Damit ist das gegenseitige Interesse verbrieft. Dennoch machte der Verbandsboss kein Geheimnis daraus, dass ein Engagement Guardiolas den finanziellen Rahmen des Verbandes enorm strapazieren würde. Der Katalane wäre für den italienischen Verband gehaltstechnisch „klar eine Ausnahme“, für die es sehr gute Gründe und tragfähige Finanzierungsmodelle bräuchte.

Da der Verband kurz- bis mittelfristig den Gürtel enger schnallen müsse, dürfe man budgetäre Aspekte nicht aus den Augen verlieren.
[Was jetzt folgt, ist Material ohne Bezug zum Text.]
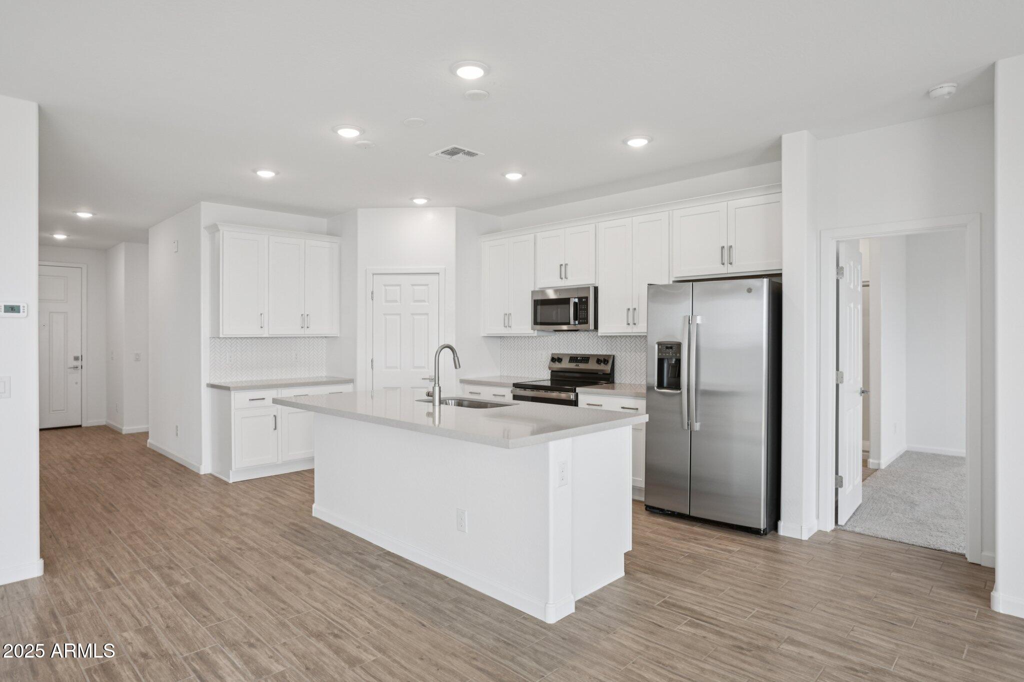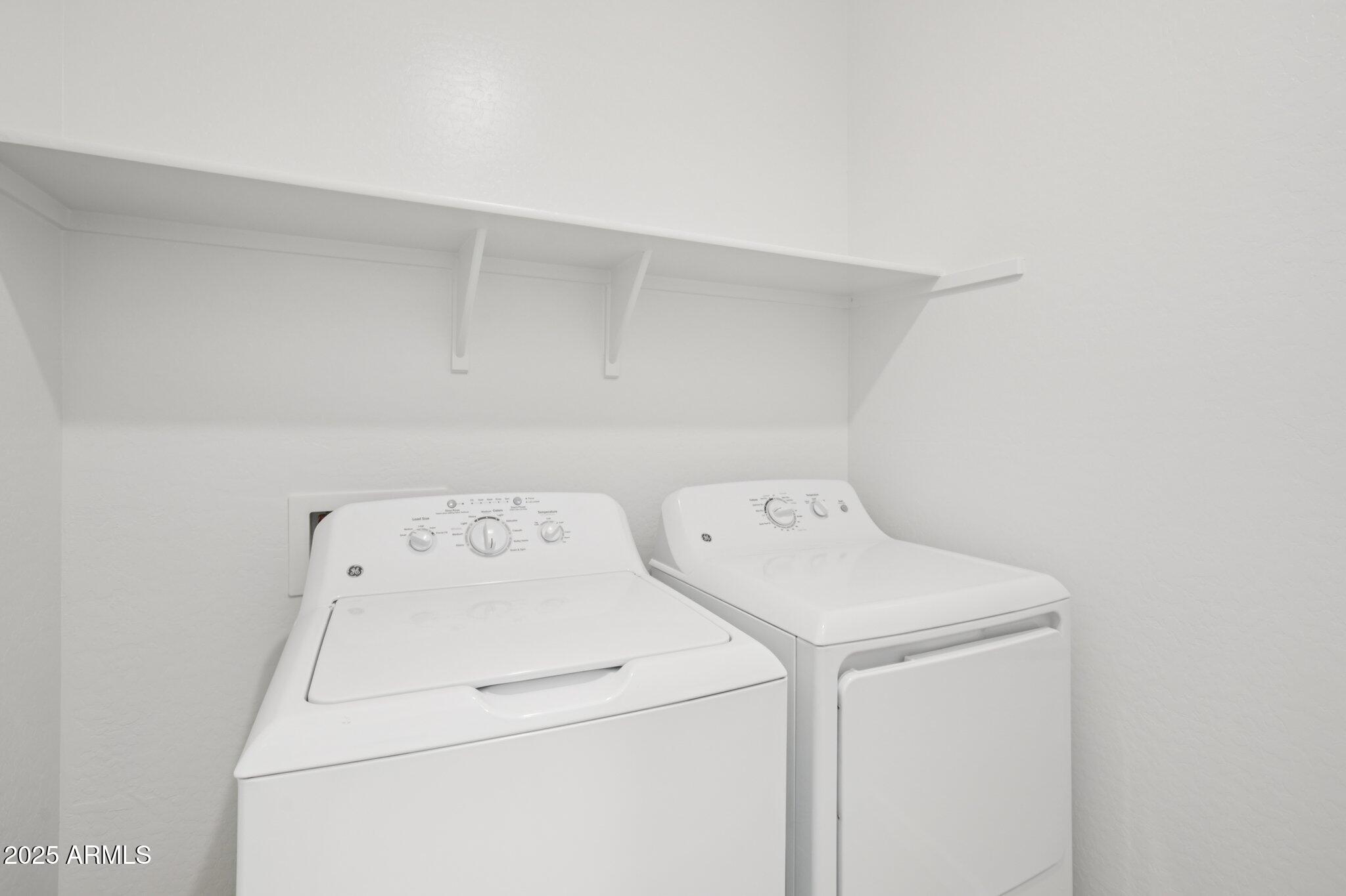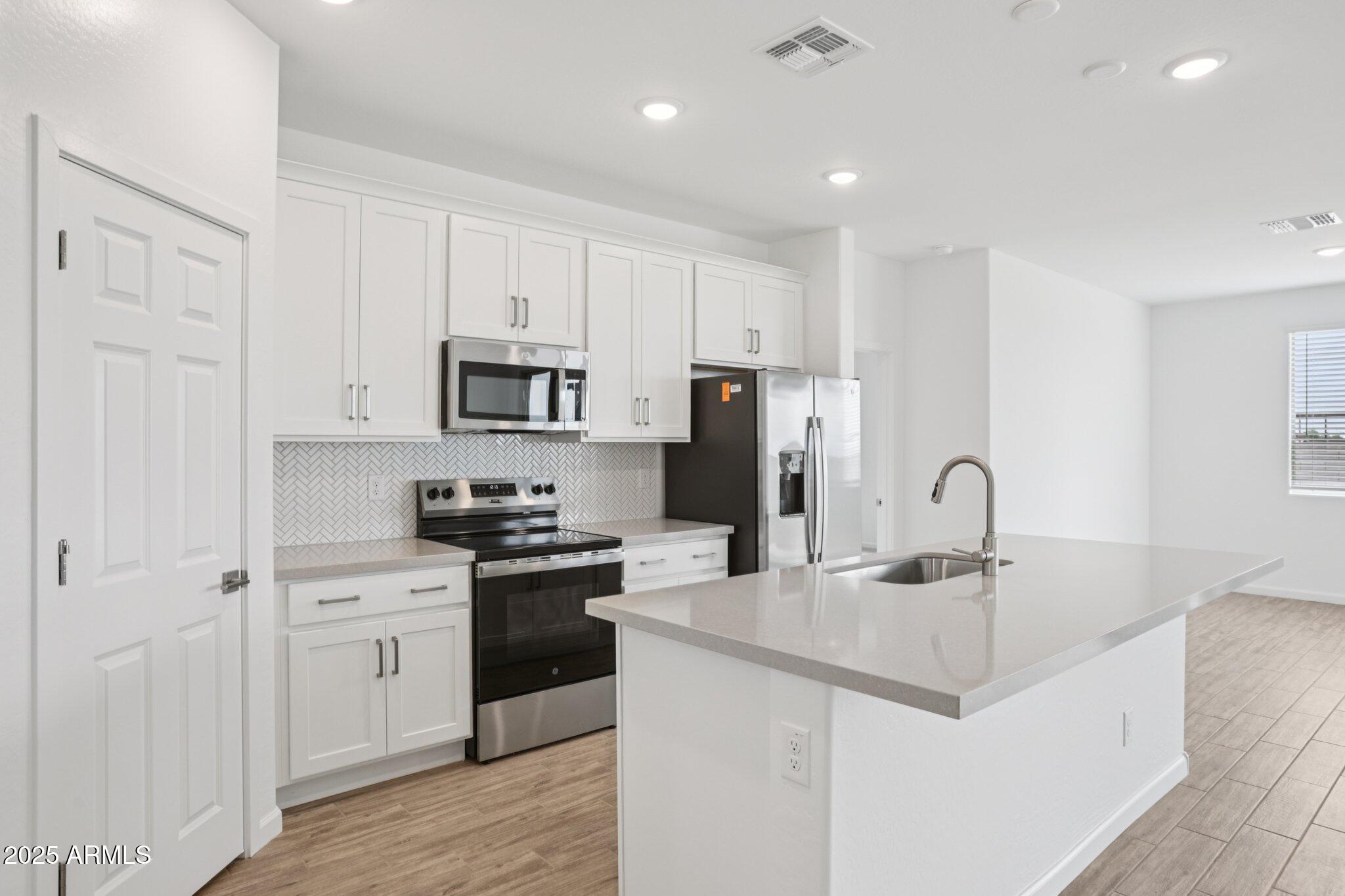 This stunning Marigold floor plan offers 1,777 square feet of living space with 3 bedrooms, 2 baths, a den, and a 2-car garage with a garage door opener. The home features our popular Modern exterior. The kitchen showcases an Timeless 2.0 interior collection with a beautiful mosaic herringbone set tile backsplash, white 42-inch upper cabinets, stainless steel appliances, and eye catching quartz countertops. The home also includes 6x24 wood-look plank tile flooring, white sand quartz and oval sinks in the bathrooms, and light gray carpeting in the bedrooms. Enjoy a 4-panel center sliding glass door, 2-inch white horizontal faux-wood blinds, a water softener loop system. Additional conveniences include an electric washer and dryer and pre-wiring for pendant lights in the kitchen.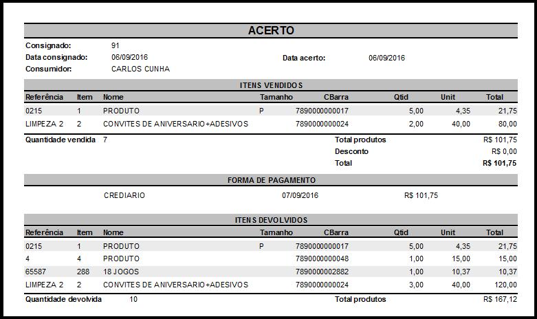 Ao clicar sim ira demonstrar o acerto dos itens vendidos, devolvidos e a forma de pagamento. Conforme imagem abaixo;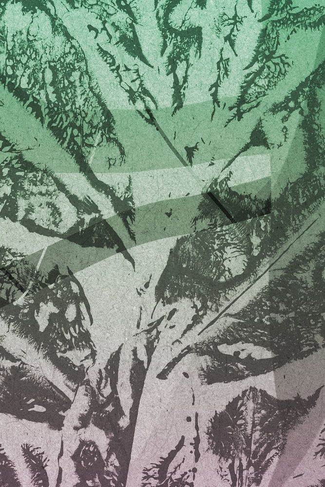Moderne botanische Illustration im Retro-Stil. Monotypie einer echten Pflanze. Pastellige Trendfarben, organische Formen und Linien, zarte Texturen. Wabi-Sabi, Shabby Chic, Romantik, Skandinavisch, Retro, Basic, Design-Interieur-Stil.
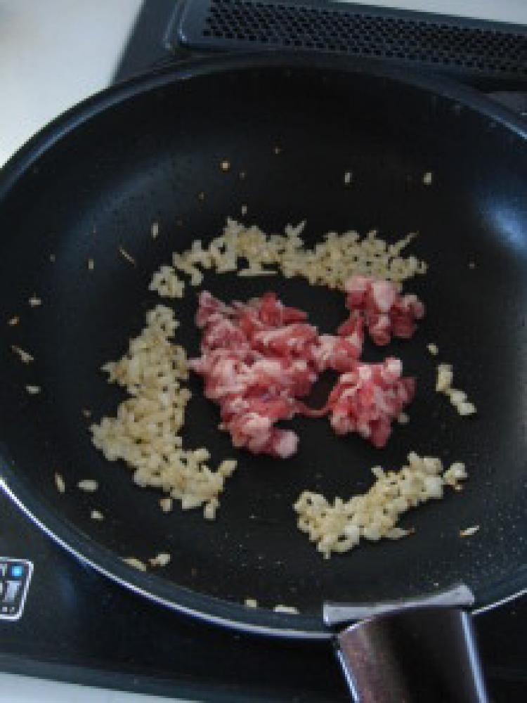 ![]() 下準備①:豚こまはたたいて粗挽きに、玉ねぎはみじん切り、インゲンは斜め切りにします。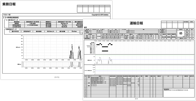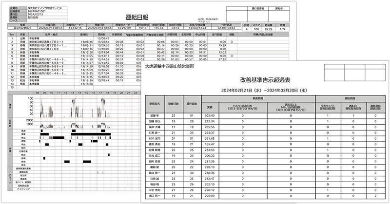 デジタコで取得したデータをもとに自動で各種レポートを生成します。「運転日報」「乗務員別労働実績明細表」「乗務員別労働実績一覧表」「改善基準告示超過表」「車両別稼働実績明細表」「車両別稼働実績一覧表」「安全運転レポート」「安全運転実績」「安全運転スコア」「燃費一覧」のレポートが自動生成されます。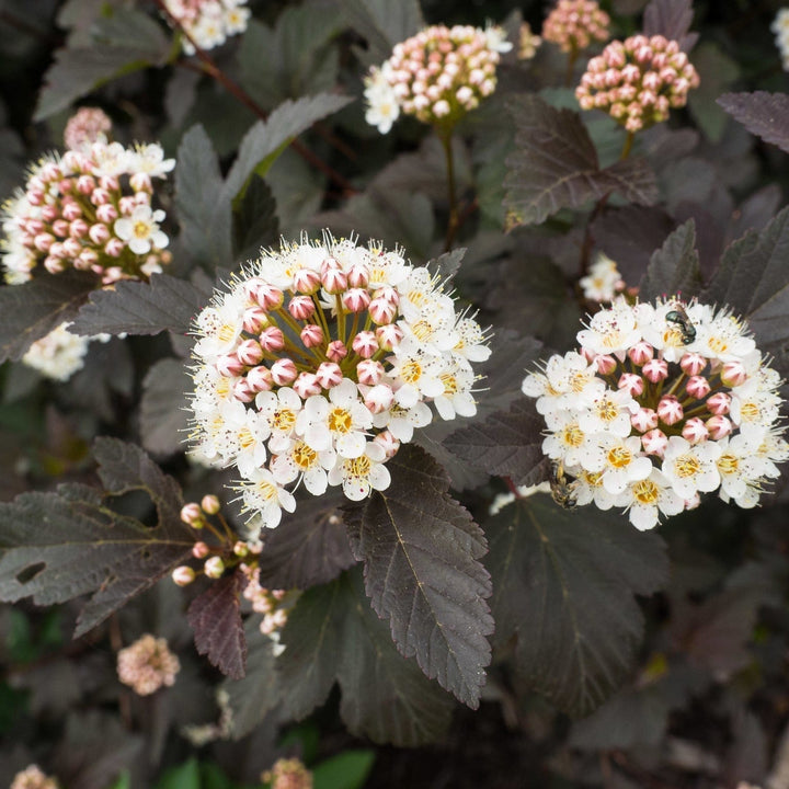 - This plant provides colour all year round! Rich purple foliage grows on graceful arching branches, with pink-flushed white flowers in early summer. These are followed by glossy red seedheads in autumn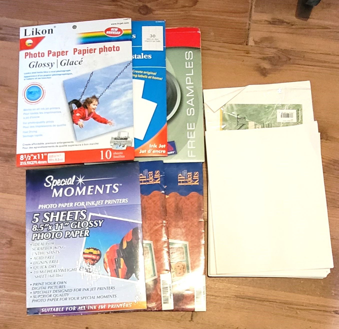 APPROX 10 SHEETS OF 8.5 X 11 PARCHMENT PAPER, 2 HP PROJECT IDEAS, DOZENS OF AVERY BUSINESS CARD LABELS, AND SOME AVERY SAMPLES OF DIFFERENT SIZES OF LABELS & 2 PKGS OF 4 X 6" GLOSSY PHOTO PAPER FOR INKJET PRINTERS. STATIONARY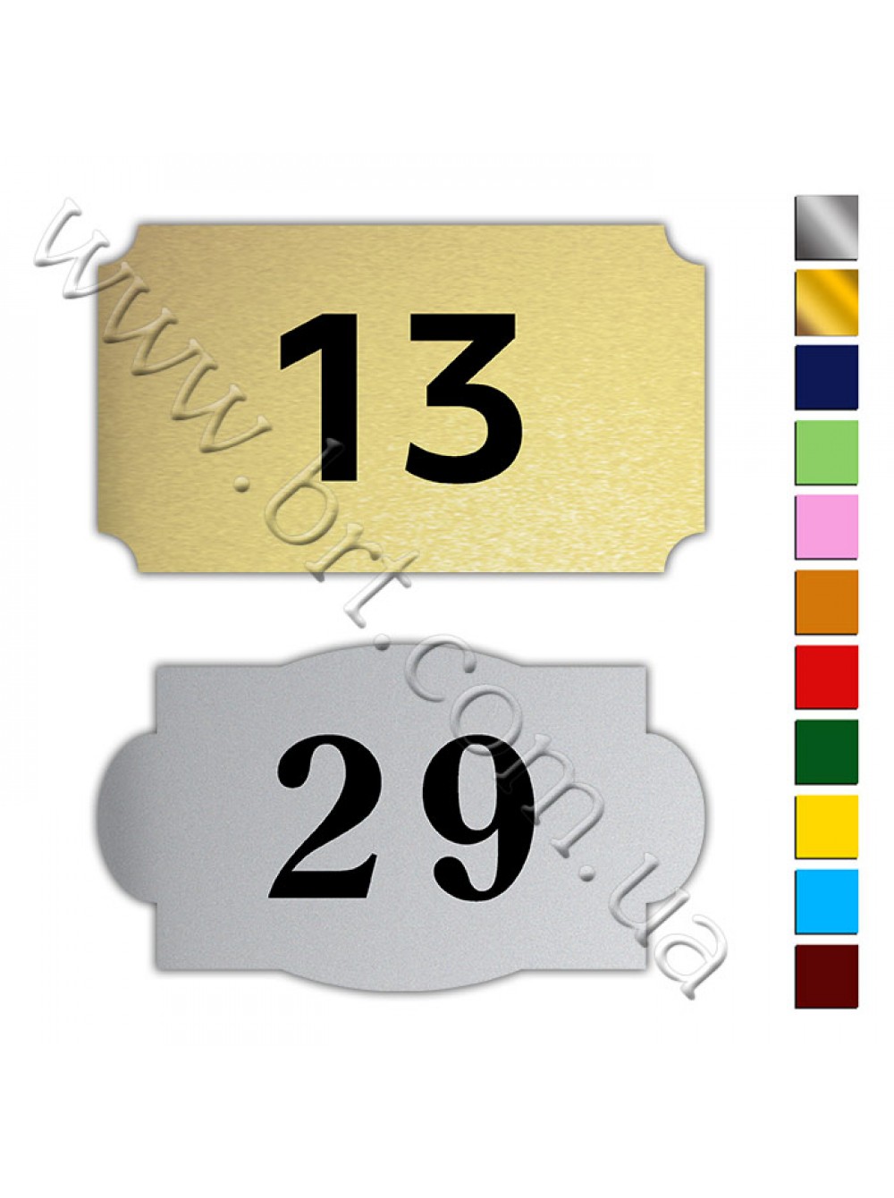 Метал для дверних номерків: алюміній золотистий, сріблястий, кольоровий.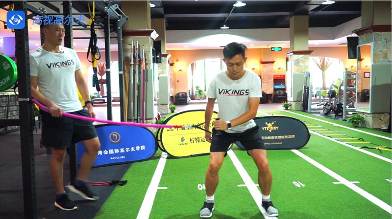 室內(nèi)高爾夫與VIKINGS專項(xiàng)體能教練合作錄制體能教學(xué)視頻。

Guardiola, der nach dem Ende seiner Ära bei Manchester City eigentlich eine längere Auszeit eingehen wollte, müsste für das Amt des italienischen Nationaltrainers wohl auf erhebliche Gehaltsmillionen verzichten.

Der Plan B: Pirlo, Mancini und weitere Alternativen zu Pep Guardiola

Die Squadra Azzurra setzt keineswegs alles auf eine Karte. Laut Malagò steht die Verbandsspitze parallel im Dialog mit mehreren hochkarätigen Kandidaten.

Neben Guardiola fallen immer wieder die Namen von Andrea Pirlo und Ex-Erfolgs-Coach Roberto Mancini. Eine Festlegung auf diese drei Personalien gebe es jedoch nicht, da der Sichtungsprozess breit aufgestellt sei.

Ein Engagement von Pep Guardiola als Nationaltrainer Italiens ist keineswegs unmöglich, bleibt aber vor allem eine finanzielle Herkulesaufgabe. Während Guardiola seine Sympathie für den italienischen Fußball nie verborgen hat und die sportliche Reizvollheit der Aufgabe unbestritten ist, hängt eine finale Einigung davon ab, wie weit der Spanier beim Gehalt entgegenzukommen bereit ist – und wie kreativ die FIGC bei der Finanzierung agieren kann.